Ex 1.3: Match "user" followed by digits

Solution
grep -oP 'user(?=\d+)' /tmp/ex-lookahead.txt

Output: user (from user123 and user456admin lines)

Ex 1.4: Match "script" followed by .py or .sh

Solution
grep -oP 'script(?=\.(py|sh))' /tmp/ex-lookahead.txt

Exercise Set 2: Negative Lookahead Basics

cat << 'EOF' > /tmp/ex-neglook.txt
192.168.1.100
192.168.1.1
10.0.0.1
172.16.0.100
8.8.8.8
1.1.1.1
user_test
user_prod
user_dev
admin_test
admin_prod
EOF

Ex 2.1: Match "user_" NOT followed by "test"

Solution
grep -oP 'user_(?!test)' /tmp/ex-neglook.txt

Output: user_ (from user_prod and user_dev)

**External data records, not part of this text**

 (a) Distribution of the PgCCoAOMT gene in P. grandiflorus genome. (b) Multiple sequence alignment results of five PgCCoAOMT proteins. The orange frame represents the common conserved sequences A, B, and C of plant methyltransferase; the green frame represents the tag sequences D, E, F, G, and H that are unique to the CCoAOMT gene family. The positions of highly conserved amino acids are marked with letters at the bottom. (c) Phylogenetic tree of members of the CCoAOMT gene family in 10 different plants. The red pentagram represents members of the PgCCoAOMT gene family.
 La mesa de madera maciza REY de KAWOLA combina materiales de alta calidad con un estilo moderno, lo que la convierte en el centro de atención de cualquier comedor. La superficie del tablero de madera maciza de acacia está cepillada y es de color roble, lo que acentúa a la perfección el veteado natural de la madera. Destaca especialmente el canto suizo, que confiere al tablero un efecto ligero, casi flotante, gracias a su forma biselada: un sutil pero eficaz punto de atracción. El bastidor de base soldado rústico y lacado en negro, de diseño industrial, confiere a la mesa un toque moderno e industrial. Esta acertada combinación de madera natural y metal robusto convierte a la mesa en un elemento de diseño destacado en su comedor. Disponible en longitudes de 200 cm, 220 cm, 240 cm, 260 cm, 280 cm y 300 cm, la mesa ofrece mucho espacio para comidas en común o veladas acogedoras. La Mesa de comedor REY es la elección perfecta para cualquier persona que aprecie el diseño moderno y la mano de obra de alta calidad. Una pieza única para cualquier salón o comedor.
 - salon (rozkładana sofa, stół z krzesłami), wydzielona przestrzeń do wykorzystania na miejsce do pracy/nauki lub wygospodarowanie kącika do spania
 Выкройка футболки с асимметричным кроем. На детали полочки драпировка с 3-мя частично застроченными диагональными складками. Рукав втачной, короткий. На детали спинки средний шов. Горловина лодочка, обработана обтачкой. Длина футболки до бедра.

Ex 2.2: Match IPs NOT ending in ".1"

Solution
grep -P '\d+\.\d+\.\d+\.(?!1$)\d+' /tmp/ex-neglook.txt

Output: Lines with IPs not ending in .1

Ex 2.3: Match "admin_" NOT followed by "test"

Solution
grep -oP 'admin_(?!test)\w+' /tmp/ex-neglook.txt

Output: admin_prod

Ex 2.4: Match lines NOT followed by specific pattern

Solution
# Match 192.168 NOT followed by .1.
grep -P '192\.168\.(?!1\.)' /tmp/ex-neglook.txt

This matches 192.168.x.x where x is not 1.

Exercise Set 3: Password Validation

Lookahead is perfect for password complexity rules (must contain X AND Y AND Z):

cat << 'EOF' > /tmp/ex-passwords.txt
password
Password1
Password1!
Pass1!
Abcd1234!
abc123
ABC123!
longpasswordwithoutspecials
P@ssw0rd!
EOF

Ex 3.1: Must contain at least one digit

Solution
grep -P '(?=.*\d)' /tmp/ex-passwords.txt

(?=.*\d) - From start, look ahead for any chars followed by a digit.

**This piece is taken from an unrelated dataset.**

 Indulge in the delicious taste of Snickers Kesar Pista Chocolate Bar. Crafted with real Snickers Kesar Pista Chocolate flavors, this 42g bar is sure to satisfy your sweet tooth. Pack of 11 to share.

Ex 3.2: Must contain at least one uppercase

Solution
grep -P '(?=.*[A-Z])' /tmp/ex-passwords.txt

Ex 3.3: Must contain digit AND uppercase AND special char

Solution
grep -P '(?=.*\d)(?=.*[A-Z])(?=.*[!@#$%^&*])' /tmp/ex-passwords.txt

Multiple lookaheads - ALL must be satisfied. Output: Password1!, Abcd1234!, P@ssw0rd!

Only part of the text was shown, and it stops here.